Advanced Statistics Quiz 9 – Concepts from Factor Analysis and PCA

Factor Analysis

I’m here to help you understand some of the advanced concepts of statistics.
Today’s quiz would be based on the concept of Factor Analysis. I guess you will find it clear and interesting.


Question 1: Briefly explain Factor Analysis?
Factor analysis is a statistical procedure used to draw inferences on quantities that cannot be quantified numerically. Quantities such as intelligence, friendliness and patriotism.


Question 2: What is the goal of Factor Analysis?
The objective a factor analysis is to describe the correlation between p measured attributes in terms of variation in few underlying unobservable factors.


Question 3: Explain Communality and Uniqueness in Factor Analysis
These explains the variation caused by the different factors under consideration. The portion of the variance that is contributed by the k common factors is the communality and the portion that is not explained by the common factor is the uniqueness also known as specific variance


Question 4: Outline the various methods of carrying out Factor Analysis problem

  • Maximum Likelihood Method
  • Least Squares Method
  • Principal Components
  • Alpha Factoring
  • Image Factoring


Question 5:  What is the concept of Rotation in Factor Analysis?
Rotation is the process of obtaining a different set of loadings by multiplying  the loadings by an orthogonal matrix chosen based on a specific criteria.


Question 6: Outline and explain the types of rotations you know?
Varimax: Orthogonal rotation that minimizes the number of variables that have high loadings on each other. It simplifies interpretation of factors
Quartimax: A rotation mentod that minimizes the number of factors needed to explain each variable. It simplifies interpretation of observed variable
Equamax:A mixed rotation method which is a combination of the Varimax and the Quatimax methods.
Direct Oblimin: Non-orthogonal rotation
Promax Rotation: Non-orthogonal rotation  that allows correlation of factors.

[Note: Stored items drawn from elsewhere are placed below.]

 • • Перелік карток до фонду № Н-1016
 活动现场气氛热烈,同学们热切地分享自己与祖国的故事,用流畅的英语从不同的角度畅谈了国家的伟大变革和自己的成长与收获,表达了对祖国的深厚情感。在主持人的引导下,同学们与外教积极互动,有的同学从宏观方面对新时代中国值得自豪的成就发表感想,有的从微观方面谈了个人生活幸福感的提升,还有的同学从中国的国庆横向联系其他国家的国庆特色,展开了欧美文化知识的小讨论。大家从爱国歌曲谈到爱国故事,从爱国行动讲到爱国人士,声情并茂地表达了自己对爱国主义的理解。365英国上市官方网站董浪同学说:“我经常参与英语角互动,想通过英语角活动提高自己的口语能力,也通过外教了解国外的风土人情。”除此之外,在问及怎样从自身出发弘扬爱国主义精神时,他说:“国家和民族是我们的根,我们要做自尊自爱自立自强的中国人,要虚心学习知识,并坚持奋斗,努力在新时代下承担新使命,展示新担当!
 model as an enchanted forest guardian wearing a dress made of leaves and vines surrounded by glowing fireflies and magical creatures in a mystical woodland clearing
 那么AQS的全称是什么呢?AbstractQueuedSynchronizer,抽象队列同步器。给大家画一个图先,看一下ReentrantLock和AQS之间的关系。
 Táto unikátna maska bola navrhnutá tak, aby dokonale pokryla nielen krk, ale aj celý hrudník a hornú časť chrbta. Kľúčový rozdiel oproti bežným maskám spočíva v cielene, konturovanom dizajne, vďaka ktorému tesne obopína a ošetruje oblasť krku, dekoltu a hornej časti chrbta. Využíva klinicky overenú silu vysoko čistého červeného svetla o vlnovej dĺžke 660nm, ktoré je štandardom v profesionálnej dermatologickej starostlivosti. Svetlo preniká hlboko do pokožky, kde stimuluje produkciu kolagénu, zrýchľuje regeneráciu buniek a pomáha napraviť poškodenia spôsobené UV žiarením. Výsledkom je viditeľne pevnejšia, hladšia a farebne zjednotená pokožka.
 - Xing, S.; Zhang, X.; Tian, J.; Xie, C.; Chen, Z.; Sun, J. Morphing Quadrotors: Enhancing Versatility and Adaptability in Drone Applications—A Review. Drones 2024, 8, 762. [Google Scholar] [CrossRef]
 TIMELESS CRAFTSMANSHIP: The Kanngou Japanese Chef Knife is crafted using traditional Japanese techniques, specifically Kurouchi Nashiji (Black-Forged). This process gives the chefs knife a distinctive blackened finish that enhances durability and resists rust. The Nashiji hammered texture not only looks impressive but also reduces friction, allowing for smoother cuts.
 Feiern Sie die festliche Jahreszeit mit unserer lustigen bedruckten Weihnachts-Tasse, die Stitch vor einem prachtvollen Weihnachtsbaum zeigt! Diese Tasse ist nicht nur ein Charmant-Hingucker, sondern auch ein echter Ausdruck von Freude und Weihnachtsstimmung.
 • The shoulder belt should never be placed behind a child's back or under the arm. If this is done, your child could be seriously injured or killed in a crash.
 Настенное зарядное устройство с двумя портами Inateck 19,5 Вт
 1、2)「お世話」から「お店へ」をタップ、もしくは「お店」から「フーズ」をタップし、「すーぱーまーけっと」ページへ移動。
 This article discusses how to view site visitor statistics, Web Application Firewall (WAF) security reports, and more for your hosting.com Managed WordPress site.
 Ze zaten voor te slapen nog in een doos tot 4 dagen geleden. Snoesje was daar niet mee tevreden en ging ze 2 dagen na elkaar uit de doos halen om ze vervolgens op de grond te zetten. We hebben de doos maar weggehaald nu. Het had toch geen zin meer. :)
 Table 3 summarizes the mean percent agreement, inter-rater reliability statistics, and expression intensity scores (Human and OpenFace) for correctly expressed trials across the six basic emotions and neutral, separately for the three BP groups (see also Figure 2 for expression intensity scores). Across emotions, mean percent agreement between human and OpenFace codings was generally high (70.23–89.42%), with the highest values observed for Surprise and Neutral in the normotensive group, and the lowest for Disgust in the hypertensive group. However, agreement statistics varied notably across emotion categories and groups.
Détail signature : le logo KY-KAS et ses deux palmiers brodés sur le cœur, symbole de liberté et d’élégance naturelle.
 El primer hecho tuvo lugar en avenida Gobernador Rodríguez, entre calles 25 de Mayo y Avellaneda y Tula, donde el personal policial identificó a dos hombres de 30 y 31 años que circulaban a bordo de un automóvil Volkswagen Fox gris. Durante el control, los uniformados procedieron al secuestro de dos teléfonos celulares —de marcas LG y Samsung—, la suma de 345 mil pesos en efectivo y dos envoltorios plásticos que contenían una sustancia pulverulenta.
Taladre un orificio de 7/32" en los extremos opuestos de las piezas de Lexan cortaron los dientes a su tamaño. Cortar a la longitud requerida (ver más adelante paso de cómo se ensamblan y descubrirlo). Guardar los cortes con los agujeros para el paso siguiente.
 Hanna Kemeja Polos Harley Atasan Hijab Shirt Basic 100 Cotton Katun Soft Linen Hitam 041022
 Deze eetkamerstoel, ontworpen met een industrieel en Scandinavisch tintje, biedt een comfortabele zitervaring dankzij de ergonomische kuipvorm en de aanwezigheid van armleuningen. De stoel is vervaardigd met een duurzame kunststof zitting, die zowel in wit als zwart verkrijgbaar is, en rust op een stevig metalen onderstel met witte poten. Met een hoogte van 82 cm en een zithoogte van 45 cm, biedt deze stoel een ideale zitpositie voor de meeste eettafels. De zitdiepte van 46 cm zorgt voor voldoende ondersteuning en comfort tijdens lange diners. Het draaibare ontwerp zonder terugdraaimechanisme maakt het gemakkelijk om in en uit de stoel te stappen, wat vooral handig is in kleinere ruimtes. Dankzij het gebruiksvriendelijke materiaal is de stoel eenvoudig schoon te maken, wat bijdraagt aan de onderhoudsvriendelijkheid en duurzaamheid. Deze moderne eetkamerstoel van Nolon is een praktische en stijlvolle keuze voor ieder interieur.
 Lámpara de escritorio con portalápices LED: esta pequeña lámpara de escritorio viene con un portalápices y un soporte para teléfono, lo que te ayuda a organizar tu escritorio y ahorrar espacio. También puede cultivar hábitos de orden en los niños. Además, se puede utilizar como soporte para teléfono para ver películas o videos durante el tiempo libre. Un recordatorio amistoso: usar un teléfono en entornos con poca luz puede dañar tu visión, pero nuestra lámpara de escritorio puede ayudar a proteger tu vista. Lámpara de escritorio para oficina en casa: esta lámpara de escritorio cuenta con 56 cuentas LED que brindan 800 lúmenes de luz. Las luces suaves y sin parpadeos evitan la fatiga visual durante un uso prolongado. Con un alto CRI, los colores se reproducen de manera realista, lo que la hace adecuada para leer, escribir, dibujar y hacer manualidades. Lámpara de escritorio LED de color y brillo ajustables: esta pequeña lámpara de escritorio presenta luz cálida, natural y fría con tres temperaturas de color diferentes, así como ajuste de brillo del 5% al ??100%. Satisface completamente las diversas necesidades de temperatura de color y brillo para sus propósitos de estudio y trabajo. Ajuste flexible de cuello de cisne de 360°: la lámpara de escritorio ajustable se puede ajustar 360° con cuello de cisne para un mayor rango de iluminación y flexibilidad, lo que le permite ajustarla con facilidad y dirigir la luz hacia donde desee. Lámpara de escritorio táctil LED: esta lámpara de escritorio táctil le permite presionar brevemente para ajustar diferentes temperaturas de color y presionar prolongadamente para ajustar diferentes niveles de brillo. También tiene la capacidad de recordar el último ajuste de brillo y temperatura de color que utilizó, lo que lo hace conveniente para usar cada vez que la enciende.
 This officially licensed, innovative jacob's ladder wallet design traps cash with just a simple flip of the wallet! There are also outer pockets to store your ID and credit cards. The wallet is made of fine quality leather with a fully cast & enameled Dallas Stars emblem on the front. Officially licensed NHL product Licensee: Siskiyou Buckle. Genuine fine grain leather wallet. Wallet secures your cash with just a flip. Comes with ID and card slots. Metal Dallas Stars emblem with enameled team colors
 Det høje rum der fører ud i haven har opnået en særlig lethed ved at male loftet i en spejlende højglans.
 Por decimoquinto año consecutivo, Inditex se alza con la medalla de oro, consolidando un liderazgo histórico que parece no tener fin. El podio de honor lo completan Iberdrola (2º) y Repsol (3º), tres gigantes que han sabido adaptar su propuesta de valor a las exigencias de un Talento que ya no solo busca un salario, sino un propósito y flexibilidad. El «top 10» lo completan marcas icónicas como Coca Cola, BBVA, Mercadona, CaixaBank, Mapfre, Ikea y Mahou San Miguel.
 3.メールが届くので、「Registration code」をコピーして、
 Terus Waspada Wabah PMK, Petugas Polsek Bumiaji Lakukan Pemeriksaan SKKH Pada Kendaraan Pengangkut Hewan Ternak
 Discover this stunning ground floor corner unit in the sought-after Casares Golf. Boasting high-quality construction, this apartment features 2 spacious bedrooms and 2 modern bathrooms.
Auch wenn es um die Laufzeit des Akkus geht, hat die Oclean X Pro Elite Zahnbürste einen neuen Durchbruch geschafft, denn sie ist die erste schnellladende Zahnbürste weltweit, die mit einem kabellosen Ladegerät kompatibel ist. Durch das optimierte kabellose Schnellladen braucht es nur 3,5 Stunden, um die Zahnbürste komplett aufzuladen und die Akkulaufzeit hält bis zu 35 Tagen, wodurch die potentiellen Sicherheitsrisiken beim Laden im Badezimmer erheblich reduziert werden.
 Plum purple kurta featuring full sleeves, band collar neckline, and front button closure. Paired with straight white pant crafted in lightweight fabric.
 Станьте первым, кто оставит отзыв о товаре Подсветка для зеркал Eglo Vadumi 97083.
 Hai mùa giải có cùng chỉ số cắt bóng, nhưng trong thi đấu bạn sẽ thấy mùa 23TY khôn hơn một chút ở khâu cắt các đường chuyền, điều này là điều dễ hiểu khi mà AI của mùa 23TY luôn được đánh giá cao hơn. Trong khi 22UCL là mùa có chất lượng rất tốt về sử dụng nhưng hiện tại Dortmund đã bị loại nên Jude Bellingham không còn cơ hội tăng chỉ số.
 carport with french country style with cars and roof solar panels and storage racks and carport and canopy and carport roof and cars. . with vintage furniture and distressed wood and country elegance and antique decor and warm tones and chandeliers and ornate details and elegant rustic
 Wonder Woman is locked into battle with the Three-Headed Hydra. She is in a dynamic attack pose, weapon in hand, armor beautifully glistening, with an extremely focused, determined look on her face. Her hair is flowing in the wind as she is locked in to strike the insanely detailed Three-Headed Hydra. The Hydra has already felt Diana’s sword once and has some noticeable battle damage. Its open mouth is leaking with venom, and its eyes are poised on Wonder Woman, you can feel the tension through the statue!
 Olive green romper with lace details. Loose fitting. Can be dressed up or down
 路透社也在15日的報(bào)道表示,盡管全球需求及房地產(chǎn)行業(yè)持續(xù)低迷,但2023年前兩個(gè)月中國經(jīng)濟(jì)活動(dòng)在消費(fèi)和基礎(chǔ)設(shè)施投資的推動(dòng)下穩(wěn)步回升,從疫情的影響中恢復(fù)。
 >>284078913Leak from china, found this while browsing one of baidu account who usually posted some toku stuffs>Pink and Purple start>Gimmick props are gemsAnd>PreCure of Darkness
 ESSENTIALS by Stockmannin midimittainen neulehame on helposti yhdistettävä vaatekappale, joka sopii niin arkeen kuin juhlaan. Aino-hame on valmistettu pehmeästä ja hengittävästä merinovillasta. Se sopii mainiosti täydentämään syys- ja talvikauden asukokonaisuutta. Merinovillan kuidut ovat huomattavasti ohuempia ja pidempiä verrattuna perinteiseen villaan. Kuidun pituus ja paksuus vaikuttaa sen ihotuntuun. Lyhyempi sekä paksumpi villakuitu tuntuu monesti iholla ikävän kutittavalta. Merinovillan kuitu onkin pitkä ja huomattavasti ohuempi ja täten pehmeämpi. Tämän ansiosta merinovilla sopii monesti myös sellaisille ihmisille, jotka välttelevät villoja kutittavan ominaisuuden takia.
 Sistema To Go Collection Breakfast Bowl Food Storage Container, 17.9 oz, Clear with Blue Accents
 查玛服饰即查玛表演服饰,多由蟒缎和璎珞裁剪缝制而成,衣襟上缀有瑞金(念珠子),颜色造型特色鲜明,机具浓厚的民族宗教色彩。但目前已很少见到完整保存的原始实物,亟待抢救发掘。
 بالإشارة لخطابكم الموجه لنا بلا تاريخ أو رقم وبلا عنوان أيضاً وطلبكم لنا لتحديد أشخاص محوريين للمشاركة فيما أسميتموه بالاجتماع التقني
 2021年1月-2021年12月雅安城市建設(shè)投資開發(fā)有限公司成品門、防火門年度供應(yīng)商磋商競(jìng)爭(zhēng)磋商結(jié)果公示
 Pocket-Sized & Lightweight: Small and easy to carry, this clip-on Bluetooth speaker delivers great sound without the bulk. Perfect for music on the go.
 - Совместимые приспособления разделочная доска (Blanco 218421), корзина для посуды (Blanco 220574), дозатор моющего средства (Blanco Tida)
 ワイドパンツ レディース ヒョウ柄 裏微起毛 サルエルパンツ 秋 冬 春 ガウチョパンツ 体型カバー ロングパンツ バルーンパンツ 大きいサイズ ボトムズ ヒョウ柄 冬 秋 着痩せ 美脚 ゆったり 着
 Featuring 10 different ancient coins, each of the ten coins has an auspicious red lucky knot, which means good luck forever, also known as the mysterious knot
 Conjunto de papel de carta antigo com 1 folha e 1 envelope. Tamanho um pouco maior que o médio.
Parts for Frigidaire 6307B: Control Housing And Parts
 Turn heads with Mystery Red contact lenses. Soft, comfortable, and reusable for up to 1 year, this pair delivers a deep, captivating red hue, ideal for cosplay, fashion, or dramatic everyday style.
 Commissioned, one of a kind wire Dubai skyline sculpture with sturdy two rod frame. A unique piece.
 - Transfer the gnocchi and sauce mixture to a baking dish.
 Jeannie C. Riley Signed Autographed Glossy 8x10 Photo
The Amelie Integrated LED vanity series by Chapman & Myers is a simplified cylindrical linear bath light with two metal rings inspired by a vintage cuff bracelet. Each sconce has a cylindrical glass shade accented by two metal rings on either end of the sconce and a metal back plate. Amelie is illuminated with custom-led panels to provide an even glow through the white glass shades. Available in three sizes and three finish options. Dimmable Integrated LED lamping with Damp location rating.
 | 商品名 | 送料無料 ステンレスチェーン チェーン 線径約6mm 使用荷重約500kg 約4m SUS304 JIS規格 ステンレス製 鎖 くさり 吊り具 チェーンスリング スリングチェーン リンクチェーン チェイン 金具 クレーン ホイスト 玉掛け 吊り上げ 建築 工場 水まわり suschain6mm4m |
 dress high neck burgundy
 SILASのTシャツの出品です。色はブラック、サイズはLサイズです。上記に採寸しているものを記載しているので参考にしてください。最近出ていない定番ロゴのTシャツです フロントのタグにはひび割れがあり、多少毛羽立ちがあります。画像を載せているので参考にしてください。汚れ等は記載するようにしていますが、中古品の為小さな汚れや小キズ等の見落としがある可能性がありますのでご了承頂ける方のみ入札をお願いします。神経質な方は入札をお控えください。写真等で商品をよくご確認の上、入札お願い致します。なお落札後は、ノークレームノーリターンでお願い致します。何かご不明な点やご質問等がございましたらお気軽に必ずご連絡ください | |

Question 7: What is Keiser-Meyer-Olkin(KMO) Test used for?
The KMO is a measure of how suitable the available data is to be used for Factor Analysis. The value of the KMO statistic ranges from 0 to 1.


Question 8: What is Principal Component Analysis(PCA)?
PCA is a variance-maximization procedure that aims are transforming a set of features into  few principal components


Question 9: How if Principal Component Analysis Performed?

  • Compute teh sample covariance matrix
  • Compute the eigenvalues
  • Choose a dimension k
  • Define the dimension reduced data


Question 10: Briefly Explain Bartlett’s Test of Sphericity
Bartlett’s test is a measure of sampling adequacy and relates to the significance of the study and just like the KMO, test how suitable the data is.

Take some time to get used to these concepts in your own word and I would like to thank you or reading!